Edmund RUBBRA (1901-1986)
Piano Trio in One Movement (1950)
Meditazioni sopra 'Curs Désolés'
(1949)
Phantasy for two violins and piano (1927)
Oboe Sonata (1958)
Suite The Buddha [arr Adrian Cruft] (1947)
Piano Trio No. 2 (1960s)
Duo for cor anglais and piano
(1980)
The Endymion Ensemble
Michael Dussek (piano) (all works except Buddha)
Krysia Osostowicz (violin) (Trios, Phantasy, Buddha)
Jane Salmon (cello) (Trios and Buddha)
Melinda Maxwell (oboe/cor anglais) (Duo, Oboe Sonata and
Meditazioni)
Catherine Manson (violin/viola) (Phantasy, Buddha)

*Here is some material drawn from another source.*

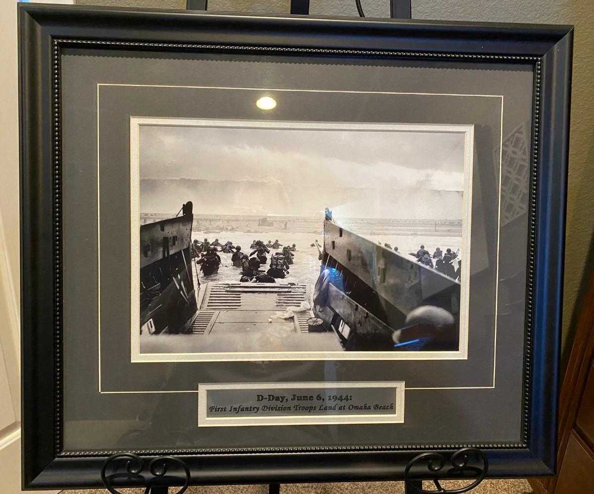 Framed WWII D-Day 1st Division Landing at Omaha Beach
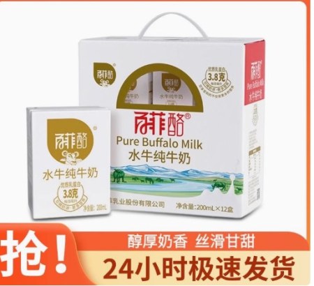 200ml*12盒皇氏乳业皇家水牛纯牛奶4.0蛋白质

Helen Keen (flute) (Buddha)
rec All Saints Church, East Finchley, London, 3-5 April
2000
DUTTON CDLX 7106
[77.01]
Crotchet AmazonUK
AmazonUS
After recording the violin sonatas Dutton move on with agreeable remorselessness
to the other chamber works. I rather hope that Dutton will duplicate the
four string quartets or seek a licence from whoever now holds the IPR for
the Sterling Quartets Conifer DATs.
Melinda Maxwell's delicate tone painting and dancing delicacy tickles and
caresses the ears in the fantasy on Josquin's air Curs
Désolés. The work was originally written for recorder
and harpsichord (I have known the work in this form for many years from a
BBC broadcast) but the composer indicated that flute or oboe may be used
and that the piano can be substituted for the harpsichord. This is a lovely
piece with a fey oriental twist at times. It is well worth hearing.
Its opening bars follow the same melodic line as the Fourth Symphony. Maxwell
exchanges the oboe for the cor anglais for the equally brief but dour and
dissonant (in the piano part) Duo - the only tough essay on
the disc. It was written for and recorded by Peter Bree in 1980.
The Phantasy is dedicated to fellow 2001 centenarian, Gerald
Finzi. This work is not typical Rubbra. It has more fellow feeling with Dunhill's
violin sonatas and the early sonatas of Howell and John Ireland than with
Rubbra's fully developed style. The composer was only 26 when it was written.
The Oboe Sonata is lean (and succulent at the same time) with a warm
ambience and, as in the case of the Meditazioni, the key action
is either inaudible or so quiet as to hardly be there at all. This is an
exceptionally beautiful work written in a molten aureate flow of melody.
The whirlpool of melody in the Presto (with its echoes of the Piano
Concerto and the Fifth Symphony) makes you regret that Rubbra never wrote
an Oboe Concerto. A Concerto of the eminence of the sonata would have made
a glowing coupling if there had been room on the recent ASV/Alan Cuckston
CD.
The five movements of The Buddha suite were written for a radio
play by Clifford Bax. The scoring was originally for flute, oboe and string
quartet but Adrian Cruft (always a solicitous and sensitive soul and a fine
composer in his own right) was selected to make the present arrangement.
The music is faintly oriental, certainly elusive, melodic and clear, eerie
in The Ascetics movement, Beethovenian in the shaping of the obbligato
in The Chariot Ride.
The Piano Trio No. 2 is again warm and welcoming. It breathes a friendly
air with little dancing melodic figures unwinding and flying here and there.
Rubbra's sense of dialogue is strong. While the first trio (in a single movement)
came from 1950 and is structurally reminiscent of the viol fantasies of John
Jenkins, the second is freer, nostalgic and open to melodically liberated
lines at every step. It is difficult to understand how ideas of the moment
and character of that at 2.10 in the allegro scherzando second (and
final) movement, can have been so neglected.
When you see the name Martin Anderson as the author of the notes you know
that you are in safe and inspired hands.